Even as this wave of SPAC deals close, some investors and entrepreneurs remain wary about them. SPACs offer a faster means for companies to go public but face the perception that they are less rigorous than a traditional initial public offering (IPO) of stock.
“I have mixed emotions about the SPAC craze,” said Eric Stallmer, executive vice president of government affairs and public policy at Voyager Space Holdings, during a panel discussion Aug. 4 at the International Space Station Research and Development Conference.
SPACs can give companies a “burst of capital” in a streamlined way, he said, “but I also seem some really silly valuations that I just cannot understand.” He said such deals may drive up the costs of acquisitions of space companies and reduce the returns investors can see. “It could push investors into other areas.”
“I worry a little bit about the across-the-board quality of them,” said Tom Gillespie, managing partner and investment lead at In-Q-Tel. “There are some great companies getting exits at this point, but you have to be sure they’re the right ones telling the right story.”

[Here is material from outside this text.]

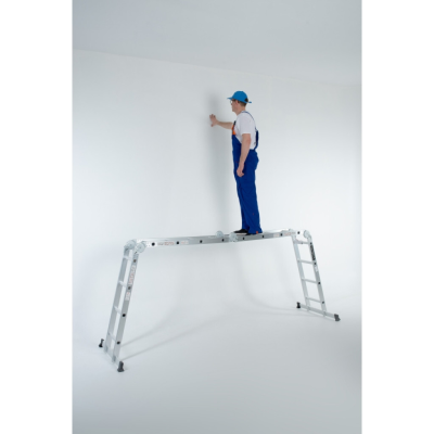 Kerge ja ohutu kasutada lukustusmehhanismKõrge kvaliteet ja stabiilsus* Uus kvaliteetne 4,6 m mitmeotstarbeline kokkupandav alumiiniumredel Mitmeotstarbeline toodete omadused:* Muudab raskesti ligipääsetavad tööd lihtsamaks.* Täiuslik sise- ja välisvärvimiseks, sisustamiseks, pööningule pääsemiseks, akende koristamiseks, vihmaveerennide puhastamiseks, isetegemise tegevusteks jne.* Redelit saab pooleldi treppidele seadistada.* Saab muuta trepiredeks või sirgeks redeliks.* Ülemine ots on lihtsalt kokkupandav ja redelit saab seina vastu toetada.* Kerge kaal, lihtne kokku panna. Saab kenasti kokku voltida lihtsaks hoiustamiseks või vedamiseks.* Valmistatud roostekindlast, kergest alumiiniumist. Koormusvõime 150 kg.* Saab muuta erinevateks konfiguratsioonideks erinevate tööde jaoks.* Valmistatud vastavalt EN131 osa 1 ja 2 spetsifikatsioonidele ning ohutussertifikaatidele. Toote spetsifikatsioonid:* Koormusvõime: 150 kg.* Valmistatud EN131 osa 1 ja 2 spetsifikatsioonide ja ohutussertifikaatide järgi.* Kaks stabilisaatorvarda suurte kummist jalgadega, mis tagavad suurepärase stabiilsuse töö ajal.Tootekirjeldus: See mitmekohaline redel on tõenäoliselt ainus redel, mida kunagi vajate. Ideaalne töödeks majas, töökojas ja aias. Selle ainulaadne mitmekohaline hingesüsteem võimaldab redelil hõlpsasti muuta erinevatesse konfiguratsioonidesse. Vastupidavalt valmistatud, sobib see redel raskeks kasutuseks.

Sunil Nagaraj, founder and managing partner of Ubiquity Ventures, said it will be critical to see how the companies that go public via SPACs perform on the market. “There are a lot of people waiting to say, ‘I told you so,’” he said. “The jury’s still out.”
“There’s nothing inherently evil about SPACs. They’re just another way for companies to go public, but particularly at an earlier stage in their development,” said Tess Hatch, partner at Bessemer Venture Partners. She argued that the ability of SPACs to provide long-term projections not allowed in a traditional IPO makes them particularly well-suited to space companies.
“They unlock public pools of capital that historically weren’t available” for space companies, she said, predicting that SPACs will allow as many as a dozen companies in the industry to go public by the end of the year. “I really look forward to the next generation and a big uptick in the industry due to this path that Rocket Lab and Spire and a dozen other space SPACs are paving.”